Sen. Judiciary Committee Endorses Amendment to Abridge Free Speech
12 July 2014 / 8 Comments
A proposed constitutional amendment to abridge the freedom of speech received the endorsement of the Senate Judiciary Committee by a 10-8 vote Thursday in an effort to overturn U.S. Supreme Court decisions in Citizens United v. Federal Elections Commission and McCutcheon v. FEC.
The 2010 Citizens United ruling rejected on First Amendment grounds restrictions in the McCain-Feingold Campaign Reform Act of 2002 on spending for political advertising. In this year’s McCutcheon decision, the high court ruled that limits on how much a donor may contribute in aggregate to candidates for federal office, political parties, and political action committees are also violations of the First Amendment. Both decisions were by 5-4 votes of the justices, with the more conservative Republican appointees voting to strike down the restrictions and the liberal justices, appointed by Democratic presidents, voting to uphold them. Similarly, Thursday’s Judiciary Committee vote was strictly along party lines, with all 10 of the committee’s Democrats voting for the amendment and all eight of its Republican members voting against.

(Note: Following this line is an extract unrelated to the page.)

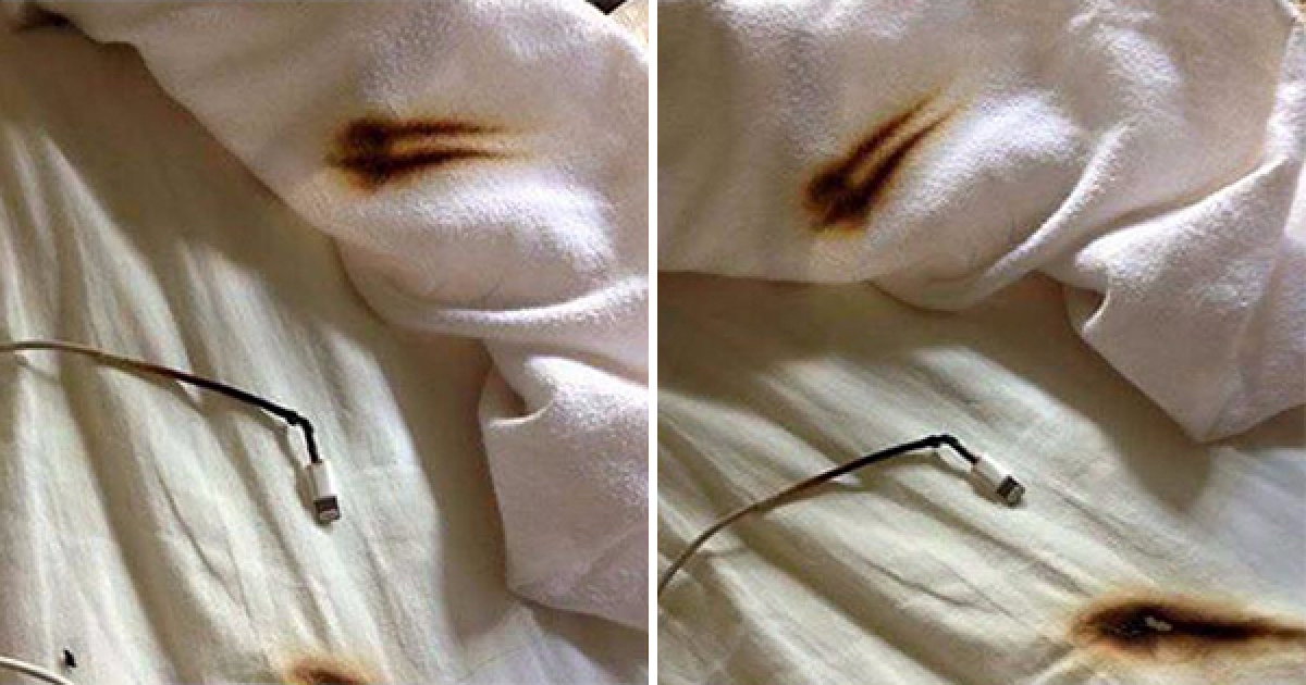 ▼前幾天,新罕布夏州消防局在臉書上分享了一係列照片,說:「調查顯示,53%的孩子將手機、iPad放在床上或者枕頭下充電。這非常危險。無法散熱的話,這些設備的溫度會越來越高,最後床會會被點燃。

The Democrats voting for the proposed amendment were Committee Chairman Patrick Leahy (Vermont), Dianne Feinstein (California), Charles Schumer (New York), Dick Durbin (Illinois), Sheldon Whitehead (Rhode Island), Amy Klobuchar and Al Franken (Minnesota), Christopher Coons (Delaware), Richard Blumenthal (Minnesota), and Mazie Hirono (Hawaii). Republicans voting against it were Charles Grassley (Iowa), Orrin Hatch and Mike Lee (Utah); Ted Cruz and John Cornyn (Texas), Lindsey Graham (South Carolina), Jeff Sessions (Alabama), and Jeff Flake (Arizona).
The amendment, as proposed in Senate Joint Resolution 19, says in Section 1:
Congress shall have power to regulate the raising and spending of money and in-kind equivalents with respect to federal elections, including through setting limits on
1) the amount of contributions to candidates for nomination for election to, or for election to, Federal office; and
(2) the amount of funds that may be spent by, in support of, or in opposition to such candidates.
Section 2 gives the same power to the States. And just as McCain-Feingold exempted media corporations from federal regulation, S.J. Res. 19 states in Section 3: “Nothing in this article shall be construed to grant Congress the power to abridge the freedom of the press.”